What you need to do: Please copy only the material from the line that has "JIJINQI秋冬长袖蕾丝v领上衣性感高级感气质休闲女加绒打底衫单穿" to the very last line, both ends included, exactly as written and without pictures.

Given information:

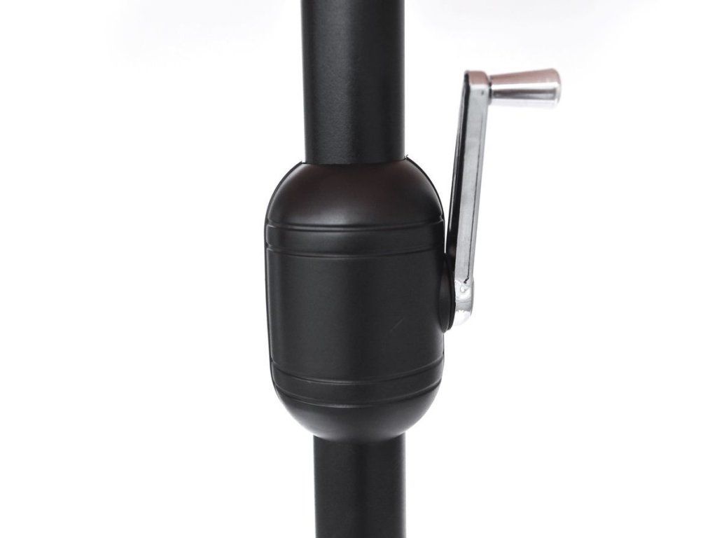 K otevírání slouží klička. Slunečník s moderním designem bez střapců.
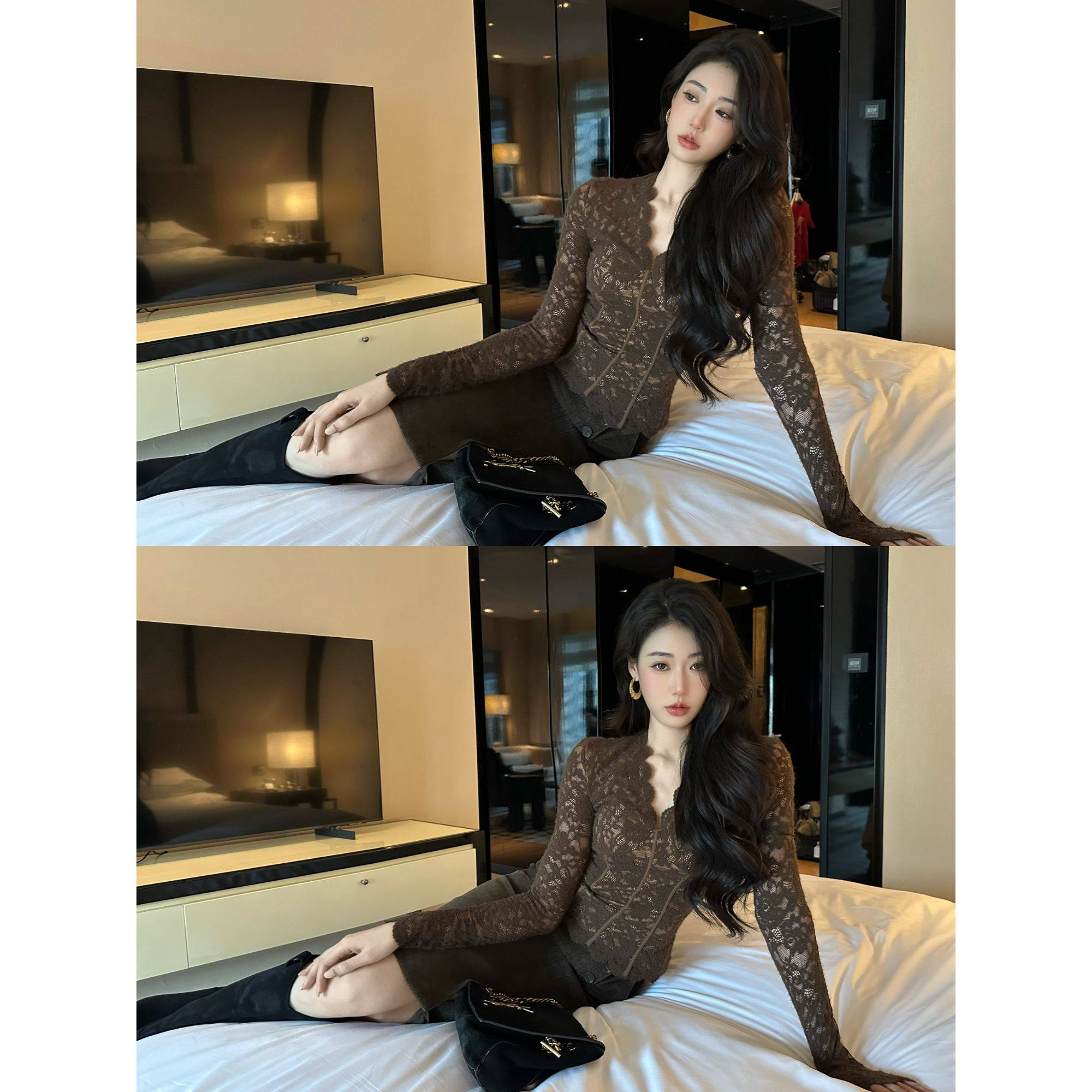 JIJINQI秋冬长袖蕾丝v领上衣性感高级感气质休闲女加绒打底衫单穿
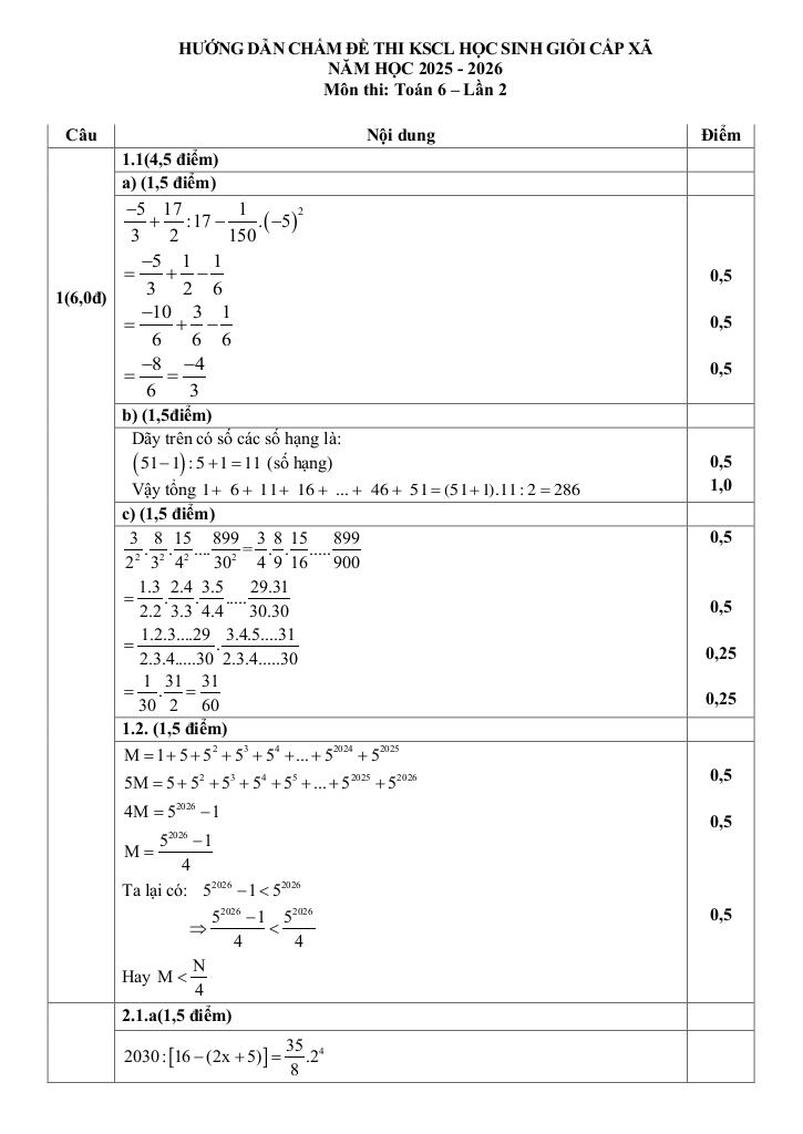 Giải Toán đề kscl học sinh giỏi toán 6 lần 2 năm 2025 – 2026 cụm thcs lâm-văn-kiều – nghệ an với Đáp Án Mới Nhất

Output for this exercise:
 JIJINQI秋冬长袖蕾丝v领上衣性感高级感气质休闲女加绒打底衫单穿
 Giải Toán đề kscl học sinh giỏi toán 6 lần 2 năm 2025 – 2026 cụm thcs lâm-văn-kiều – nghệ an với Đáp Án Mới Nhất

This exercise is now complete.